TITIK SATU 11 - Jauhi Raga!

3.8K 301 59
                                    

HALLO!!! HALLO!!! HALLO!!!

Ketemu lagi nih sama Cosu, Cintah!!!

Gimana kabarnya hari ini? semoga baik-baik aja ya.

Niatnya mau update semalem, nunggu Hp di cas eh malah ketiduran. Maafin ya, Cintahhh

Jam berapa dan hari apa kamu baca bagian ini?

Kalian lagi seneng atau lagi badmood nih?

Ada yang nungguin cerita ini update nggak sih?

TITIK SATU ini adalah cerita ketiga Cosu dan semoga Cintah semua suka ya!!!

Yuk bantu doa dan share cerita ini supaya sukses dan tamat sampai akhir...

Jangan lupa untuk selalu dukung Cosu dengan Vote dan Coment ya. minimal Vote deh. Belajar untuk menghargai kerja keras orang lain, OK!!!

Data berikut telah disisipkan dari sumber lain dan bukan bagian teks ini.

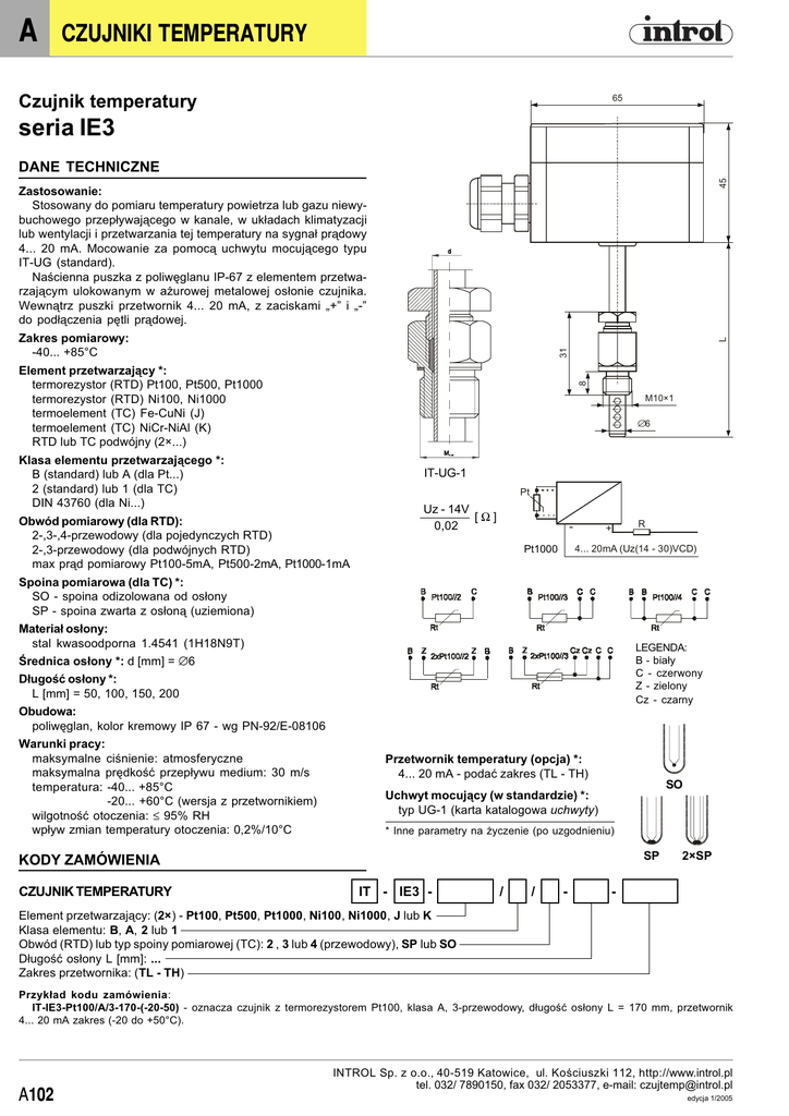 A CZUJNIKI TEMPERATURY 65 Czujnik temperatury CZUJNIK TEMPERATURY seria IE3 seria IE3 45 DANE DANE TECHNICZNE TECHNICZNE Zastosowanie: Stosowany do pomiaru temperatury powietrza lub gazu niewybuchowego przep³ywaj¹cego w kanale, w uk³adach klimatyzacji lub wentylacji i przetwarzania tej temperatury na sygna³ pr¹dowy 4... 20 mA. Mocowanie za pomoc¹ uchwytu mocuj¹cego typu IT-UG (standard). Nacienna puszka z poliwêglanu IP-67 z elementem przetwarzaj¹cym ulokowanym w a¿urowej metalowej os³onie czujnika. Wewn¹trz puszki przetwornik 4... 20 mA, z zaciskami + i - do pod³¹czenia pêtli pr¹dowej. 31 L Zakres pomiarowy: -40... +85°C 8 Element przetwarzaj¹cy *: termorezystor (RTD) Pt100, Pt500, Pt1000 termorezystor (RTD) Ni100, Ni1000 termoelement (TC) Fe-CuNi (J) termoelement (TC) NiCr-NiAl (K) RTD lub TC podwójny (2×...) M10×1 ∅6 Klasa elementu przetwarzaj¹cego *: B (standard) lub A (dla Pt...) 2 (standard) lub 1 (dla TC) DIN 43760 (dla Ni...) IT-UG-1 Pt Obwód pomiarowy (dla RTD): 2-,3-,4-przewodowy (dla pojedynczych RTD) 2-,3-przewodowy (dla podwójnych RTD) max pr¹d pomiarowy Pt100-5mA, Pt500-2mA, Pt1000-1mA Uz - 14V [Ω] 0,02 Pt1000 + R 4... 20mA (Uz(14 - 30)VCD) Spoina pomiarowa (dla TC) *: SO - spoina odizolowana od os³ony SP - spoina zwarta z os³on¹ (uziemiona) Materia³ os³ony: stal kwasoodporna 1.4541 (1H18N9T) rednica os³ony *: d [mm] = ∅6 LEGENDA: B - bia³y C - czerwony Z - zielony Cz - czarny D³ugoæ os³ony *: L [mm] = 50, 100, 150, 200 Obudowa: poliwêglan, kolor kremowy IP 67 - wg PN-92/E-08106 Warunki pracy: maksymalne cinienie: atmosferyczne maksymalna prêdkoæ przep³ywu medium: 30 m/s temperatura: -40... +85°C -20... +60°C (wersja z przetwornikiem) wilgotnoæ otoczenia: ≤ 95% RH wp³yw zmian temperatury otoczenia: 0,2%/10°C Przetwornik temperatury (opcja) *: 4... 20 mA - podaæ zakres (TL - TH) SO Uchwyt mocuj¹cy (w standardzie) *: typ UG-1 (karta katalogowa uchwyty) * Inne parametry na ¿yczenie (po uzgodnieniu) SP SPOSÓB OZNACZANIA I ZAMAWIANIA KODY ZAMÓWIENIA CZUJNIK TEMPERATURY IT - IE3 - / / - 2×SP - Element przetwarzaj¹cy: (2×) - Pt100, Pt500, Pt1000, Ni100, Ni1000, J lub K Klasa elementu: B, A, 2 lub 1 Obwód (RTD) lub typ spoiny pomiarowej (TC): 2 , 3 lub 4 (przewodowy), SP lub SO D³ugoæ os³ony L [mm]: ... Zakres przetwornika: (TL - TH) Przyk³ad kodu zamówienia: IT-IE3-Pt100/A/3-170-(-20-50) - oznacza czujnik z termorezystorem Pt100, klasa A, 3-przewodowy, d³ugoæ os³ony L = 170 mm, przetwornik 4... 20 mA zakres (-20 do +50°C). A102 INTROL Sp. z o.o., 40-519 Katowice, ul. Ko ściusz ki 112, http://www.introl.pl tel. 032/ 7890150, fax 032/ 2053377, e-mail: [email protected] edycja 1/2005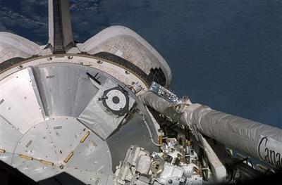 中新網(wǎng)3月13日電 綜合報(bào)道,美國當(dāng)?shù)貢r(shí)間12日晚,“奮進(jìn)”號航天飛機(jī)與國際空間站成功對接,但比原定時(shí)間遲了40分鐘。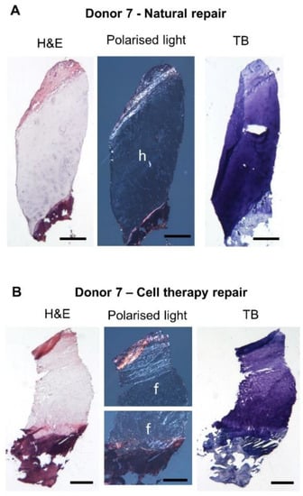 Representative histology images of cartilage repair biopsies from the same donor. Natural repair (A) and cell therapy repair (B) cryosections were stained with haematoxylin and eosin (H&E) to assess general morphology and toluidine blue (TB) to assess proteoglycan content; both samples demonstrated good to excellent matrix metachromasia. Polarised light was used to assess collagen fibre orientation and determine tissue morphology. The natural repair cartilage demonstrated a mostly hyaline (h) morphology whilst the cell therapy repair cartilage was mostly fibrocartilage (f). Scale bars 500 μm.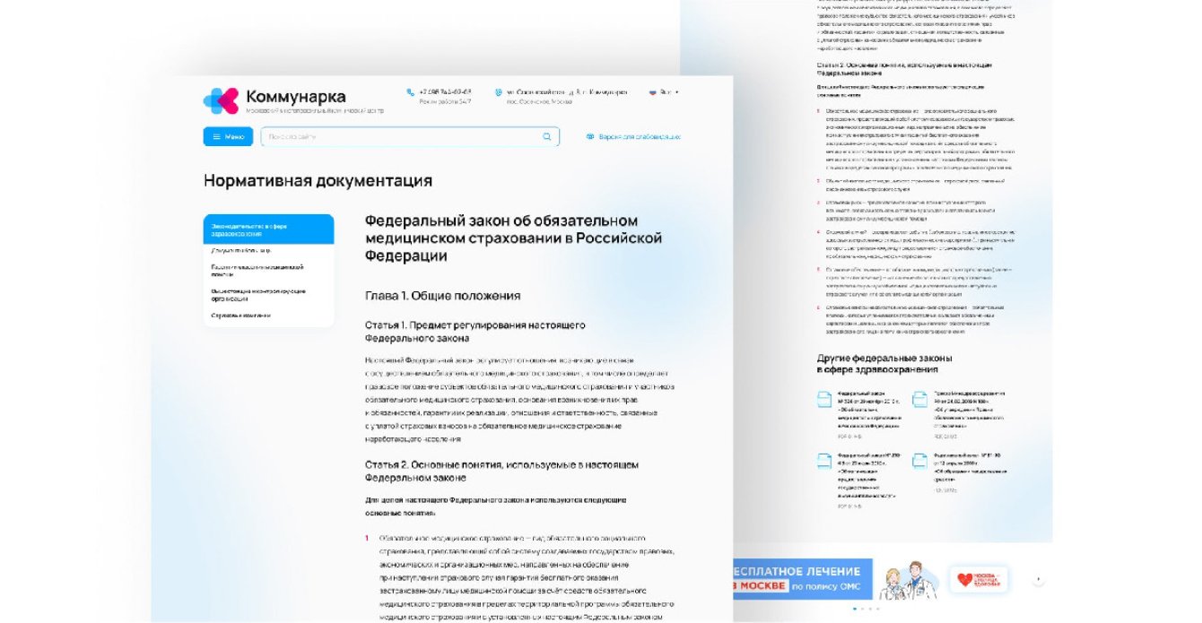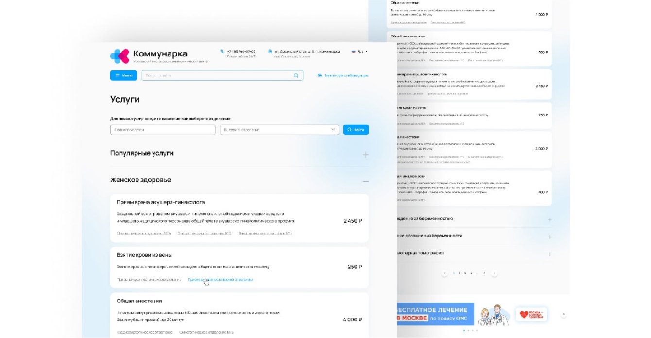 Из-за огромного объема информации на таких сайтах часто получается путаница, от которой в конечном счете страдает пользователь. Старый сайт ММКЦ «Коммунарка» — не исключение. Поэтому на проекте для этого заказчика мы собрали структуру заново и максимально улучшили юзабилити.

Oiyah, Mimpi atau Cita-cita Cintah apa? yuk coret-coret disini supaya Cosu bantu doa.

Sudah siyap baca???

Skuy gasken!!!

________________________________________________________________________________

SELAMAT MEMBACA CINTAH

________________________________________________________________________________

Lo nggak bisa sebut orang dengan kata aneh hanya karena satu kekurangannya yang bahkan lo sendiri nggak tahu kalau ternyata ada banyak kelebihan dalam dirinya.

Rere menuliskan kata terakhir dari papan tulis putih didepannya ke buku bergaris yang sudah terdapat banyak catatan diatas mejanya. Rere menghembuskan nafas lega, menaruh pulpennya ditengah buku lalu menutup bukunya.

"Kok adasih orang yang suka belajar?" gumam Rere menatap lurus kearah papan tulis putih didepannya.

"Re," panggil seseorang dari bangku didepannya. Rere yang merasa terpanggil langsung menoleh dan memusatkan atensinya dengan alis yang terangkat satu.

"Apa?" tanya Rere.

Glenca yang memutar duduknya menghadap Rere, menatapnya dengan tatapan yang sangat sulit untuk Rere artikan. Ia mengambil ponsel dari dalam saku almamater putihnya, berkutat dengan layar ponsel lalu kembali menatap Rere.

"Gue sudah kembalikan semua uang yang lo kasih, untuk gantinya lo jauhi Raga!" ucapnya tiba-tiba dengan nada tegas dan menutut.

Tidak lama, suara notifikasi yang berasal dari ponsel Rere yang ada diatas meja terdengar. Tanpa perlu melihatnya, Rere sudah tahu. Keningnya semakin berkerut bingung, "Gue nggak pernah deketin Raga," ungkap Rere.

Glenca tersenyum miring, mengejek, "Tapi lo selalu cari simpati untuk bisa deket sama dia."

Kedua tangan Rere sontak mengepal kuat, tatapannya menajam, "Maksud lo apa?"

"Berhenti bertingkah seperti orang yang paling menderita di dunia. Raga selalu bantu lo karena dia kasihan," ucapnya yang semakin menyulut emosi Rere.

Rere keluar dari mejanya, mendorong bahu Glenca, "Gue. Nggak. Semenyedihkan itu!" tekan Rere pada setiap katanya.

Glenca dengan gesit menghempas tangan Rere dari bahunya, mengusap bahunya seolah bekas sentuhan Rere adalah kotoran.